I cannot write more, we are all in shock.

Your beloved sister,

Alethea

William had died…

Susan stared at the letter, her lips parted in shock.

He was just a boy.

Her heart drained of all emotions, all the pain of the last few days falling silent. An acute sense of loneliness struck at her. She wished for someone to hold, and to hold her. Henry… Poor Henry. Poor Uncle Robert and Aunt Jane… How must they feel?

Yesterday she had sulked and moped about the ruins pitying herself and what she had lost. While Henry must have been at William’s bedside watching his brother die. She had not once thought about Alethea’s letter saying that Henry had gone to his brother. She should have spent the hours praying for William, not lamenting over her selfish longing.

William had no more life to live… The words sliced her in two. All the pain now filling her heart and soul was for Uncle Robert, Aunt Jane, Henry, Sarah, Christine and the others.

Nausea twisted through Henry’s stomach as he watched William. But it was not William, it was William’s lifeless body. The laughing, energetic boy whom Henry had spent half his life impatient with was no longer here. Pain threatened to overwhelm him.

His father arrived too late to say goodbye. He had looked tortured when Henry told him the news. He had walked into the room, dropped to his knees beside the bed and held William’s body, kissed his cheek and pressed his forehead against William’s. It had been minutes before he let go, even though Henry’s mother had come about the bed and held his father as he held William.
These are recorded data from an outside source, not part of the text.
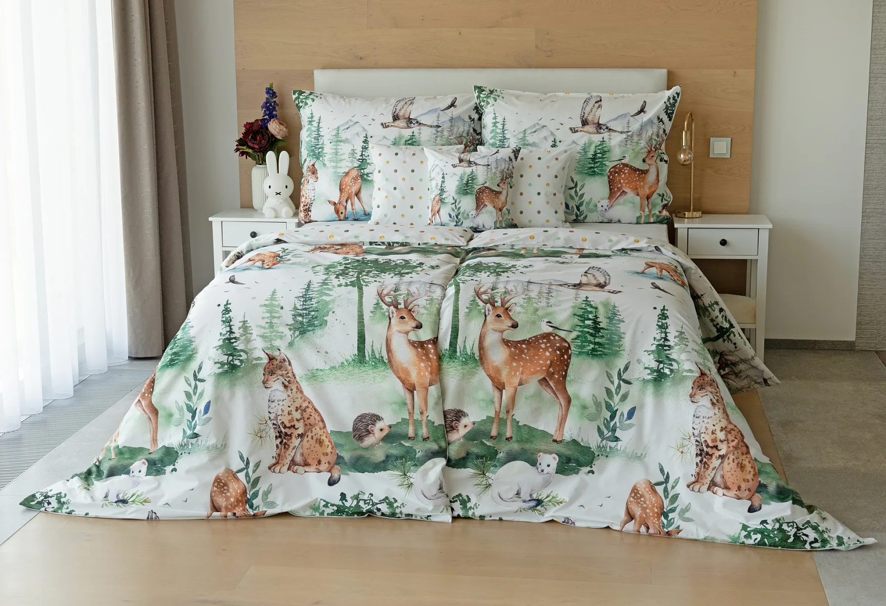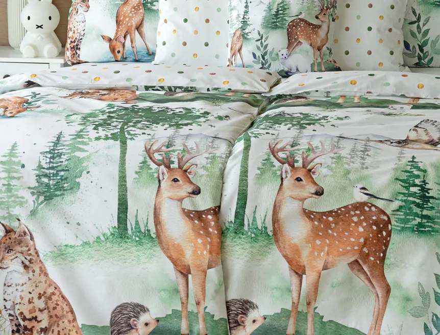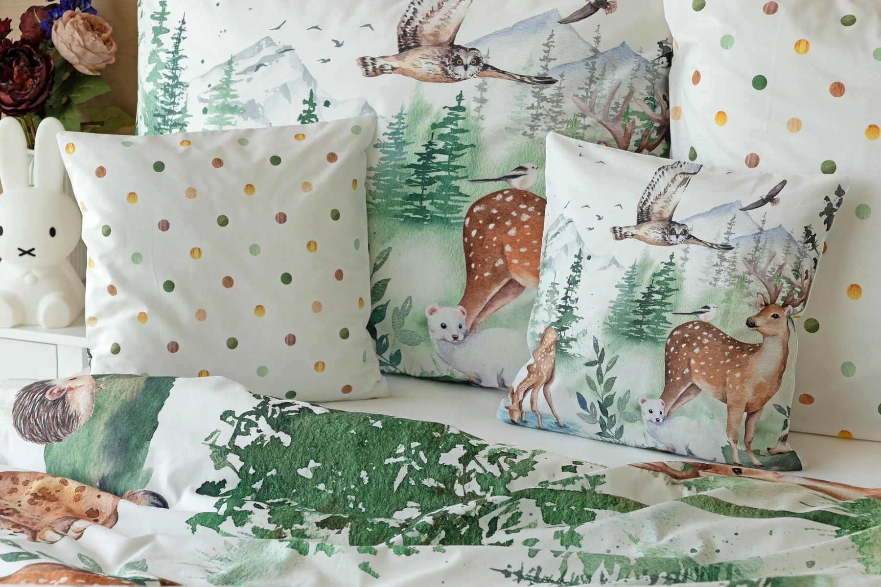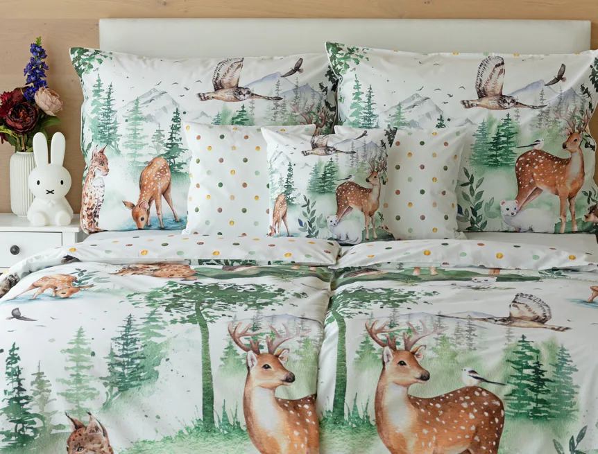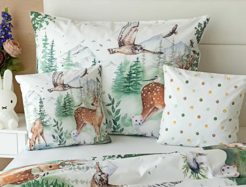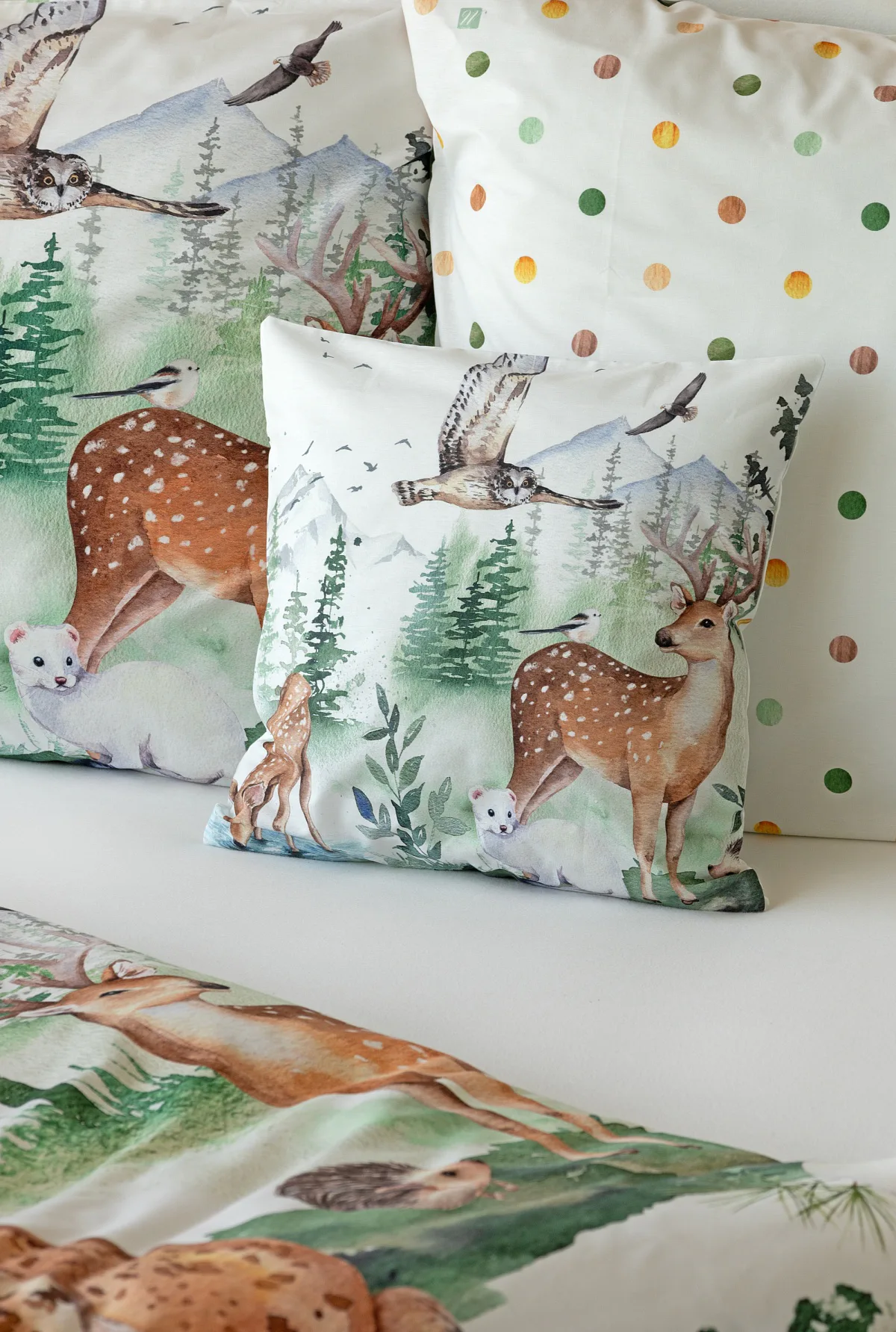 S bavlněným povlečením Wild se dětský pokojíček promění v útulnou říši lesních zvířátek, o kterých můžete před spaním vyprávět příběhy. Podkladem tohoto vzoru se stala ruční malba, která vyniká na povlečení v precizním detailu díky nejmodernějšímu digitálnímu tisku. Vaše děti budou spokojeně snít díky vysoce kvalitnímu materiálu z výběrové 100% bavlny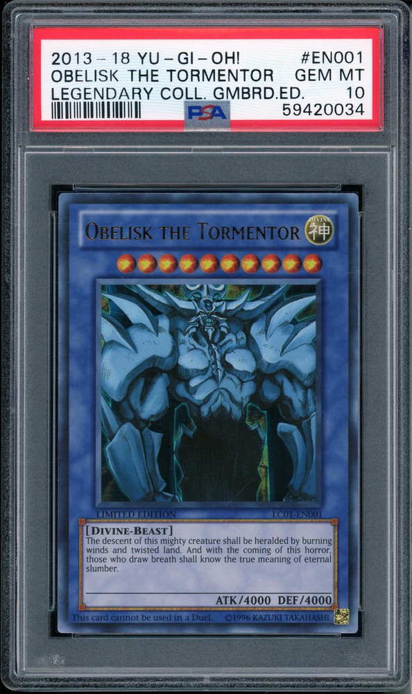 You are purchasing a 2013-2018 Yu-Gi-Oh! Legendary Collection Gameboard Edition Obelisk The Tormentor #LC01-EN001 PSA 10. You will receive the exact item in the photographs. Thank you for looking. Listed With Mascot .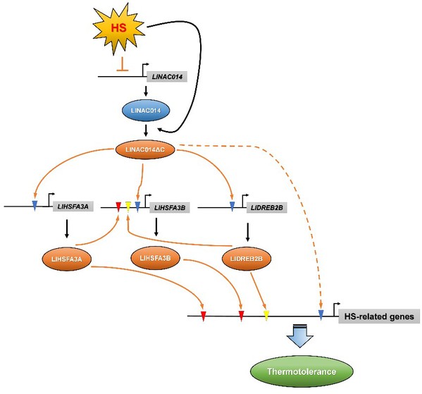 图1. LlNAC014通过激活DREB2-HSFA3模块正向调控百合耐热性的分子通路

Henry had watched, with his hands clasped behind his back,and said nothing, because no words would bring William back, and nothing would take away the pain.

When his father rose from his knees, Henry’s mother had wrapped her arms about his waist, and his arms had settled on her shoulders as she’d sobbed against his lapel. His father had not arrived in time to say his goodbye to William, but he had, at least, arrived in time to comfort Henry’s mother.
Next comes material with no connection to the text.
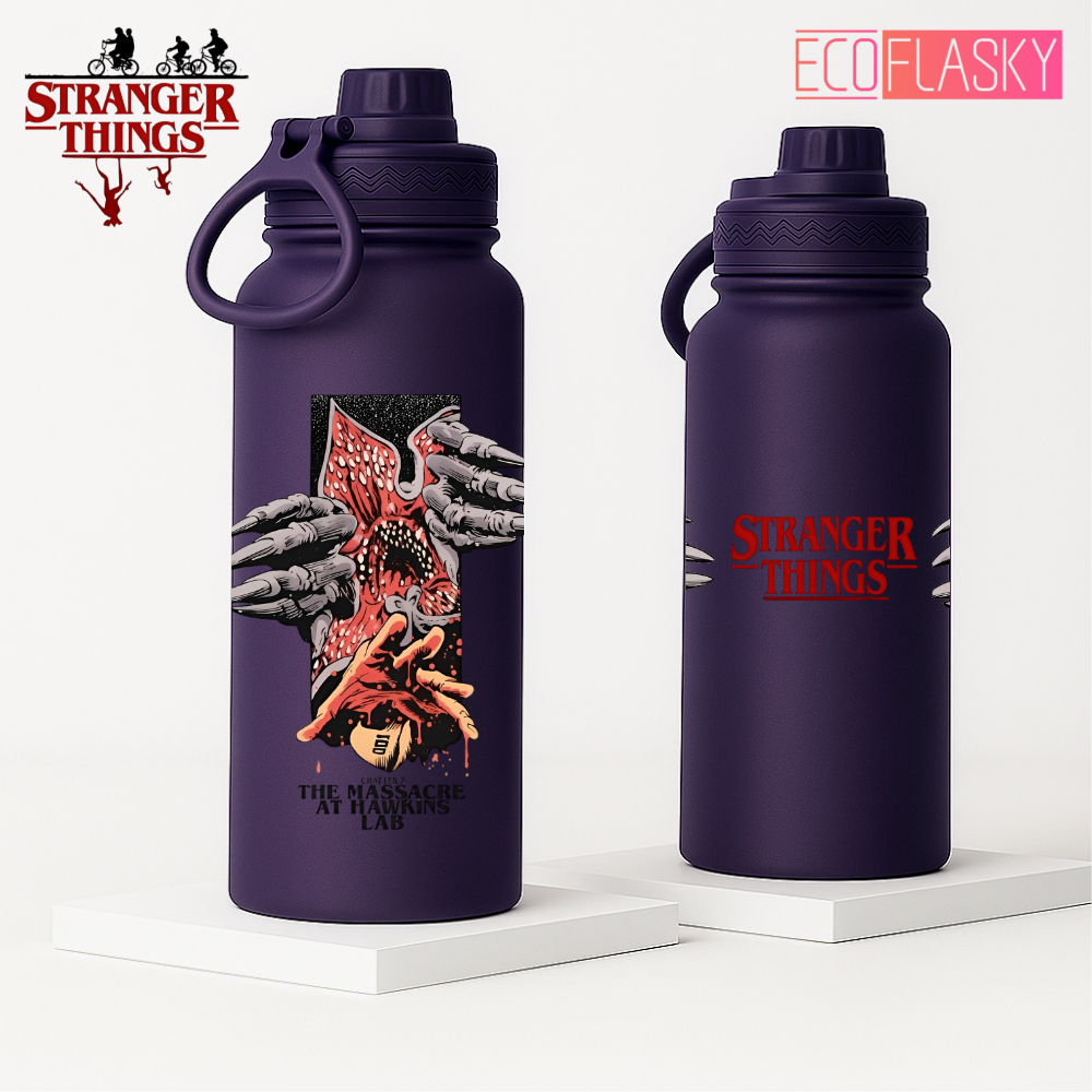 Garrafa Térmica Aço Inoxidável Stranger Things Netflix Com Alça Portátil Esportiva 600ml 800ml

His father had not cried, though, his eyes had been dry, but full of torture, of an agony Henry probably only felt one tenth of.

Henry had left the room, then.

Now he focused on William’s face. He was glad he had stayed – glad he was the only one who had seen this. As soon as his parents had left he had dressed William in his school uniform, while William’s colour darkened and his muscles stiffened. He had become a green-grey.

A desire to clasp William firmly, shot through Henry. He did not want to let him go.

His mother had not wanted to leave, but when Henry had offered to stay with William to allow his parents to return to London and tell his sisters, his father had urged his mother to go. It was not William who needed his parents now, it was the others. Henry was glad his mother would not have this memory of William’s cold, lifeless body.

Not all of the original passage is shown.